START Data extracts

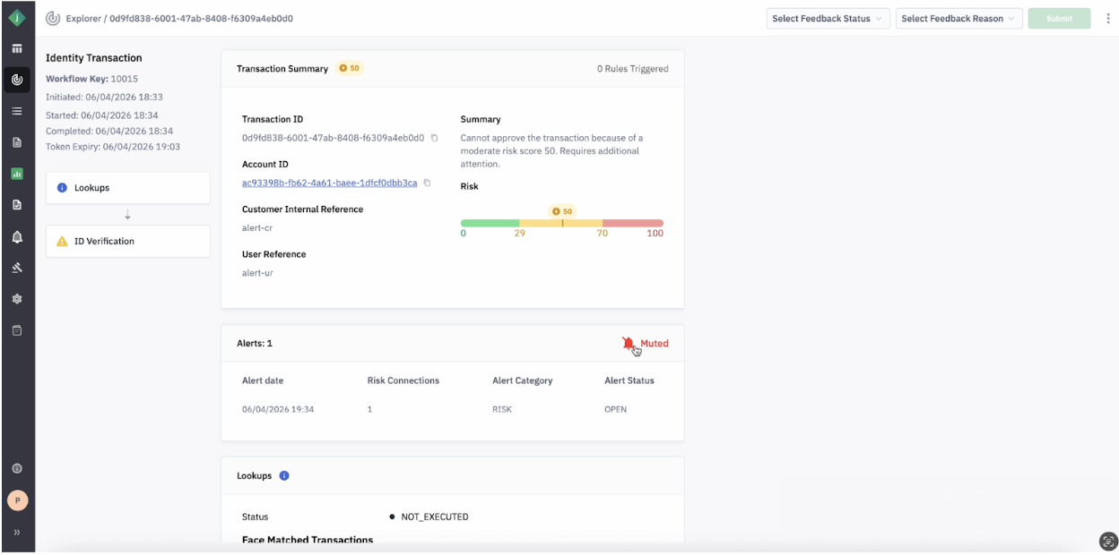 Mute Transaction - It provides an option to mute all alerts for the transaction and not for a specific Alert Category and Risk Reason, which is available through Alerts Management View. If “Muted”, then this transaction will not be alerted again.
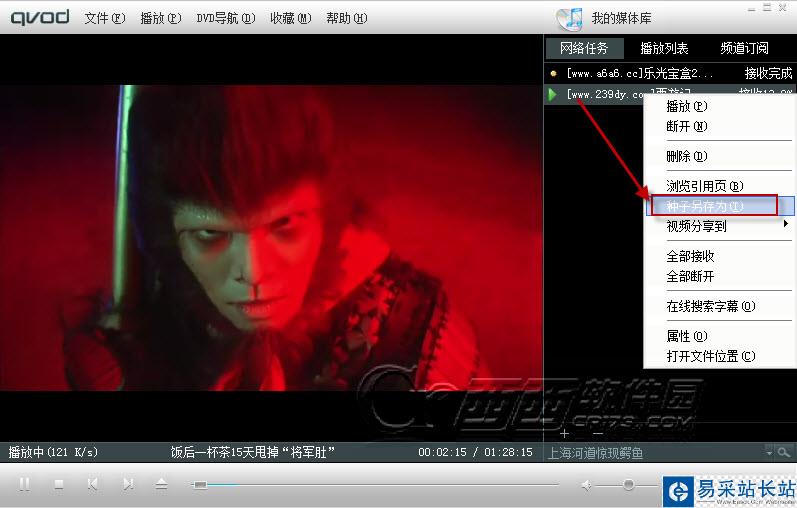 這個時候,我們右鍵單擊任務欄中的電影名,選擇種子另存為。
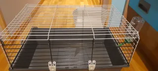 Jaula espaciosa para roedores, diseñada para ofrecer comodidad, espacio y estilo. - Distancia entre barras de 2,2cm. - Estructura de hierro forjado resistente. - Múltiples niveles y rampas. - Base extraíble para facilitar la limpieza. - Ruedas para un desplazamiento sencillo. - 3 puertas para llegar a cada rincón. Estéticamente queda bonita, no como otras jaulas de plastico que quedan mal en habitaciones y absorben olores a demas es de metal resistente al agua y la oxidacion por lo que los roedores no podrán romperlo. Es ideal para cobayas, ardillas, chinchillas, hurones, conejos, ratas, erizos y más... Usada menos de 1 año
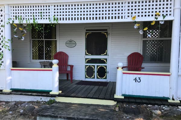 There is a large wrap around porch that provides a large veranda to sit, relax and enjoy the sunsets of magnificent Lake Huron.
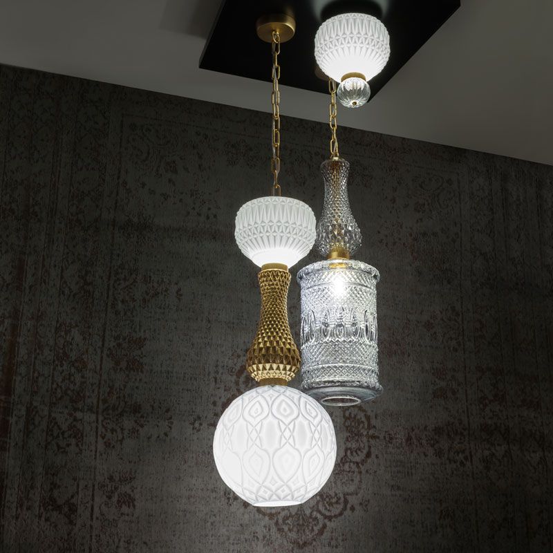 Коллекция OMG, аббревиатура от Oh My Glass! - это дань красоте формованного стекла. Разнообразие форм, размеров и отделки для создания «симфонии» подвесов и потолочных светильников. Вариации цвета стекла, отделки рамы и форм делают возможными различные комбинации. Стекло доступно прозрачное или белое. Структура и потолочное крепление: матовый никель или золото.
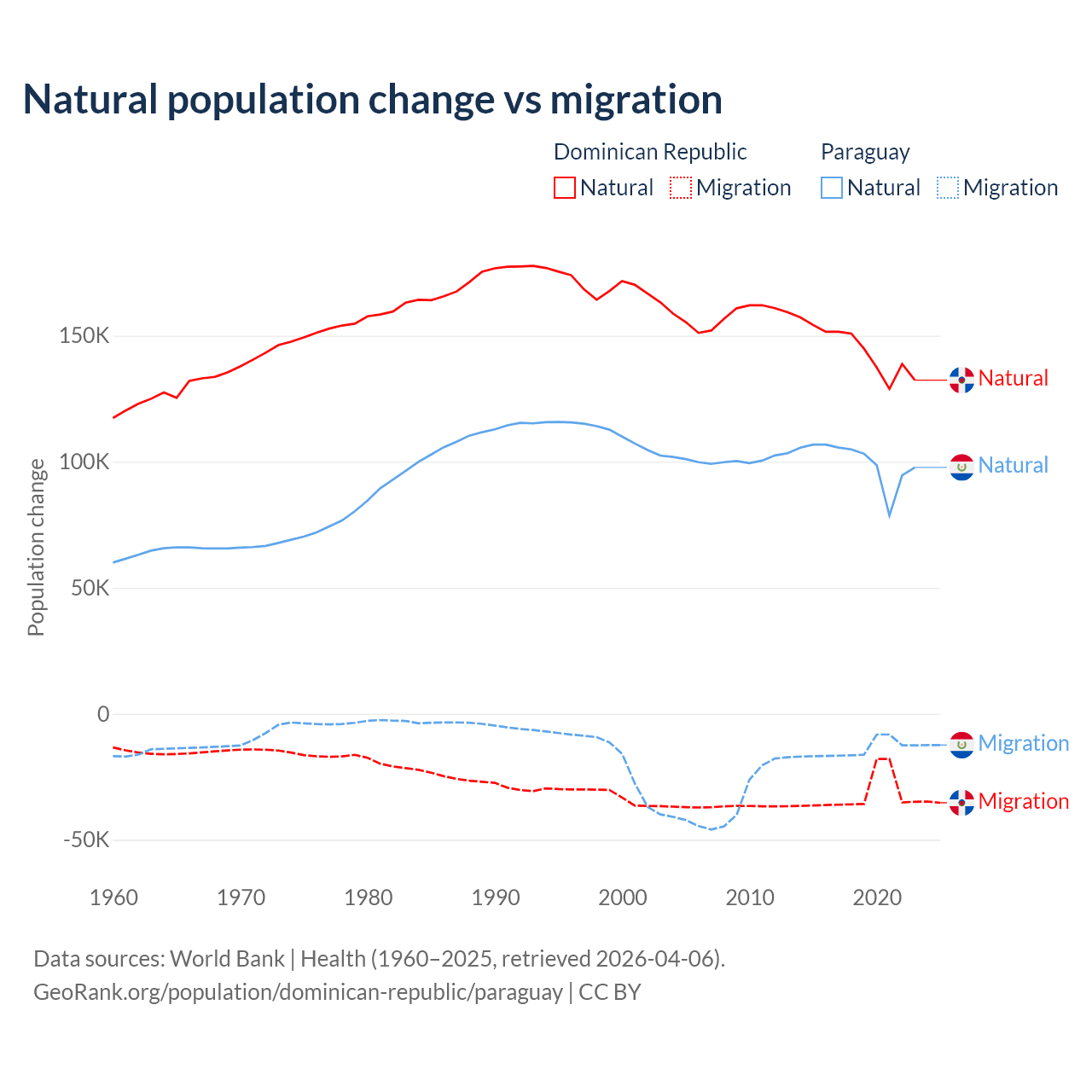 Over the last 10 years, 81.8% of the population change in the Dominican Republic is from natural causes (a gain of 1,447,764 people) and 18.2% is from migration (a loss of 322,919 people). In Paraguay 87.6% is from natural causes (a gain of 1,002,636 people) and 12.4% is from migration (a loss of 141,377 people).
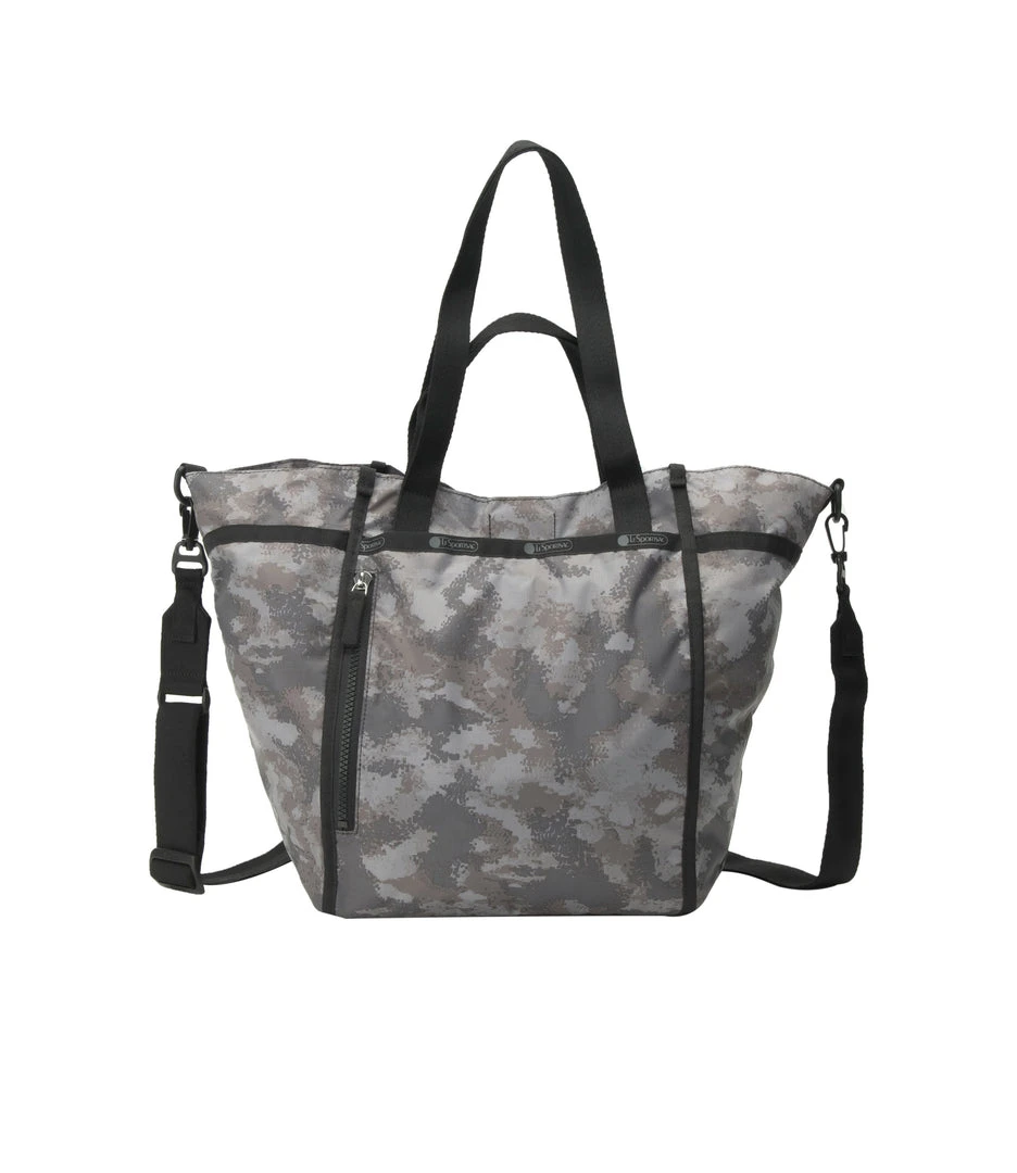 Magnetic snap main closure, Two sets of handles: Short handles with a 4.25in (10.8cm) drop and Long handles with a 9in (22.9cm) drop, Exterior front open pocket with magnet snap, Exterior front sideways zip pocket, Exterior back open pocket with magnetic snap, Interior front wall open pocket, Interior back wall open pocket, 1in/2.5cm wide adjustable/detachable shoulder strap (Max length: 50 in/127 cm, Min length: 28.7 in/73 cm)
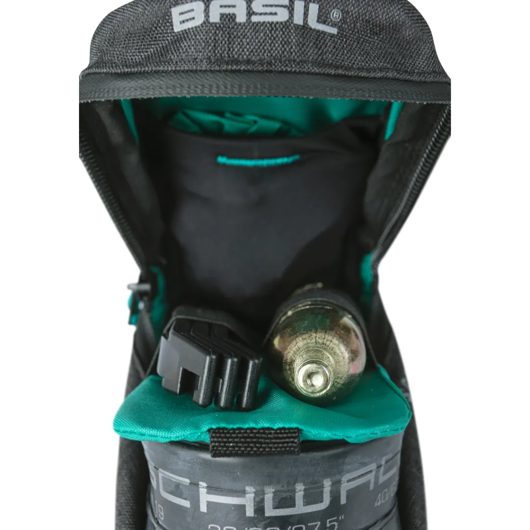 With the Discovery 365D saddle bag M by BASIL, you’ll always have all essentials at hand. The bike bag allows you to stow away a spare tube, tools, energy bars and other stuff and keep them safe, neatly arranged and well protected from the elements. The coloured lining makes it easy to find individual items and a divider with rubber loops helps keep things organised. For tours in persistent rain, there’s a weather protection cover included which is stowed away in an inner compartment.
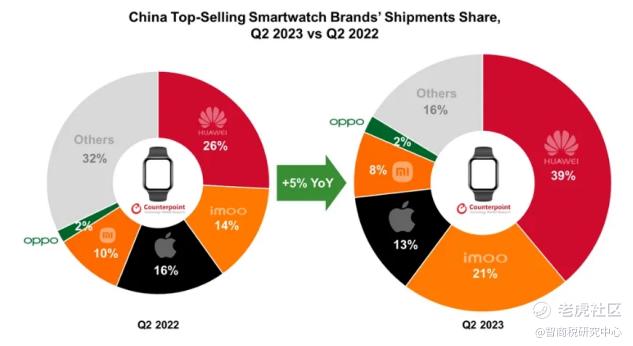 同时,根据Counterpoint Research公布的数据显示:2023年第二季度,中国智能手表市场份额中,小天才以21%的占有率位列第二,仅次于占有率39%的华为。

END Data extracts

**What is expected:**
With pictures removed, write out exactly each line of the entries from the first through the line that holds "這個時候,我們右鍵單擊任務欄中的電影名,選擇種子另存為。".

**Output:**
 Mute Transaction - It provides an option to mute all alerts for the transaction and not for a specific Alert Category and Risk Reason, which is available through Alerts Management View. If “Muted”, then this transaction will not be alerted again.
 這個時候,我們右鍵單擊任務欄中的電影名,選擇種子另存為。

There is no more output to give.